出口一旦完全打開,成千上萬只鬼怪從地下鉆出來,目標太大。而祖宅的鎮壓,便是限流的關卡。

關卡只留著一條縫隙,讓他們只能一個一個地往外逃脫。

這樣以來,目標小,陸鴻疇的計劃便能悄無聲息的進行。

“我保證你的安全。”怕王經理不信,陸汀舉起手指要發誓,“我發誓,否則我就。”

看了眼小叔叔的方向,雖然兩人還沒有徹底挑明,但是雙箭頭相當粗了,發這種誓言應該沒問題,“否則我就單身一輩子。”

林歸:“……”

他伸手勾住陸汀脖子,把青年帶進懷中死死摁住,咬牙切齒:“你當我是死的嗎?”

陸汀:“你一直活在我心裏。”

“……”林歸後槽牙癢得厲害,偏偏拿陸汀一點辦法也沒有,只能無奈的搖了搖頭,埋頭在陸汀耳邊道,“等事情結束,我有話跟你說。”

陸汀學著他的姿勢,仰頭湊到男人耳邊,“我也有話要跟你說。”

他伸出小拇指,“拉個鉤唄。”

男人的手指修長,就連小拇指也比青年的大號,勾住後只要他不松手,陸汀根本沒辦法把手指收回去。

王經理看得無語了,心說我這個局外人都知道你們要說什麽了!

陸汀清了下嗓子,胳膊肘捅了捅林歸的腹部,隔著衣服觸碰到一片腹肌。

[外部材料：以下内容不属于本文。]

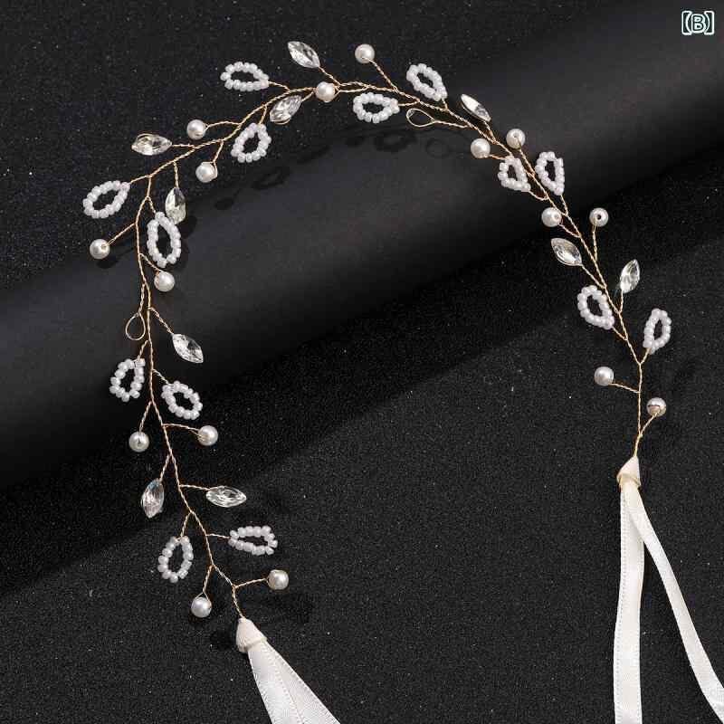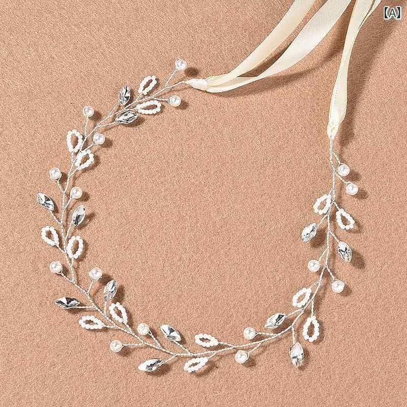 ヘアアクセサリー レディース 花嫁 ウェディング パーティー 欧米風 パール クリスタル ツイスト フラワー ソフトチェーン ヘアバンド 髪飾り 高級感
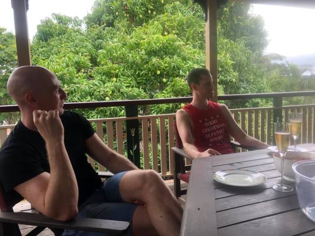 We settled in at Windsor for rest of day and tried to stay cool as was well into the mid-high 30s by now and only respite was downstairs standing 3 feet in front of AC on full blast. By now the first tease had started with predictions of rain and pleasant temperatures for Xmas day. Given how accurate these forecasts always are we all breathed a sigh of relief and went out and bought 4 umbrellas and 6 raincoats for guests. Monday dawned warm and dry but we had contingencies in place – afternoon at Jolly RoJERs new house at Camp Hill. With Pool. Also got to have a cuddle with Ruby but didnt let that interfere with my drinking of course. Its a lovely house already and they have not even started renovations yet. Time to enjoy some family time for a while
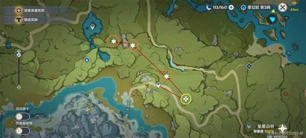 图中标点路线是按地图顺序排序,不是按推荐排序,如旅行者觉得该处距离传送点过远,可先放弃讨伐,如最后差最后几个突破材料,可在后面补上即可。
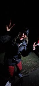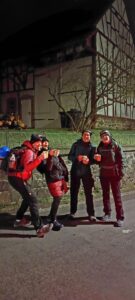 Die dritte Runde wartete mit -6°C; das Trinken aus mitgeführten Flaschen gestaltete sich schwierig. Eiskristalle möchte man nach 50 km und leichter Fröstelei nun wirklich nicht trinken. Also freute sich die mittlerweile leise gewordene Gruppe über support. Silja Römers Sohn folgte dem livetrack von komoot und brachte um 2 Uhr Kaffee auf die Strecke nach Flensungen und damit kamen auch die Lebensgeister zurück; Merlau, Kirschgarten, Ilsdorf, Stockhausen und Weickertshain warteten – 40 km waren noch zu meistern.
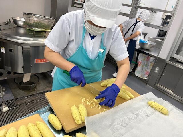 給食が始まったばかりの1年生には、給食室で中身をはさんだものを提供しましたが、2年生以上は、自分で工夫してはさんでいました。
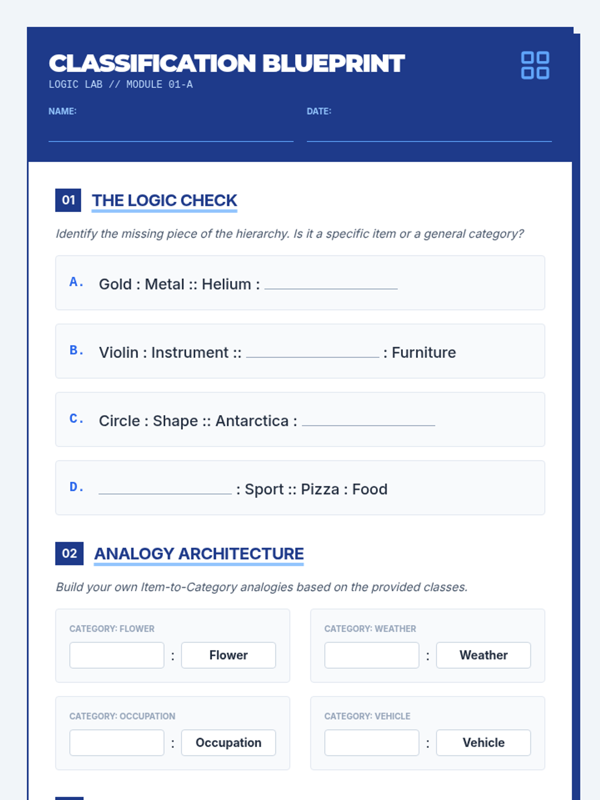 A rigorous exploration of verbal analogies for 12th-grade students, focusing on the logical relationships between words, the precision of bridge sentences, and the nuances of degree and classification. This sequence prepares students for advanced verbal reasoning and standardized testing.
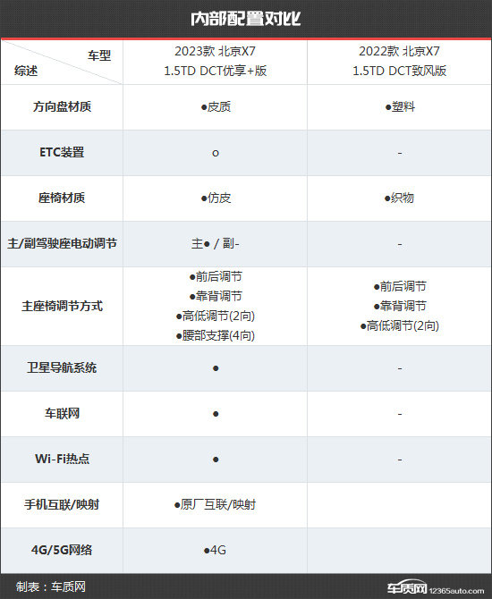 2023款北京X7搭载了最新的车机系统,功能上也比老款车型多出了卫星导航系统、车联网、Wi-Fi热点等功能,进一步满足了消费者日常用车需求。在其它方面,车辆方向盘由此前的塑料材质升级为皮质,主驾驶座椅不仅多出了电动调节功能,同时还多出了腰部支撑功能,舒适性更胜一筹。此外,2023款北京X7全系配备了空调控制屏,而老款入门车型则不具备。
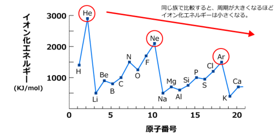 イオン化エネルギーは大きいほど陽イオンになりにくい。
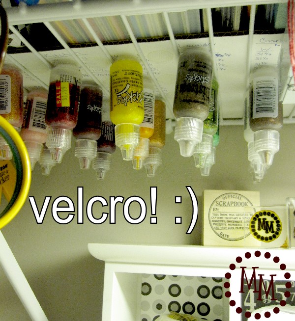 Incidently, I store my glitter glues upside down via some Velcro under a shelf so that 1) They are always ready to be used at any time. No waiting for the glue to fall to the tip! and 2) They are clear of the desktop leaving me space to clutter it with other items. 🙂

明顯感覺到,藏在衣服裏的肌肉緊繃了一下。

王經理也算是見識過兩人的本事,別的不說,單是陸汀那張平和的臉和氣勢就能給他足夠的安全感。

深吸口氣,揮手命令大夥兒拿上家夥開始動工。

另一邊,女羅剎來到了警局。

王家和知道來的不是陸汀,但絕對沒想到是個看似十八九歲,穿著白色連衣裙的小姑娘。

他忽然有點緊張,疾步迎上去:“是陸先生的……朋友?”

“他和林先生是我的監護人。”女羅剎說完踮起腳朝警局內部看去,對那具詭異死亡的屍體很感興趣。

王家和看她興致勃勃,無語的扯了扯嘴角,“咱們現在就進去?”

“趕緊的。”女羅剎背著手,跟在他身後走一路朝屍檢部走去,半路與趙隊擦肩而過,引得對方頻頻回頭。

趙隊怎麽想都覺得不對,倒退著攔下王家和:“她是?”

“陸先生派來的。”王家和知道趙隊這人喜歡打破砂鍋問到底,主動解釋道,“我朋友那件案子,有蹊蹺。”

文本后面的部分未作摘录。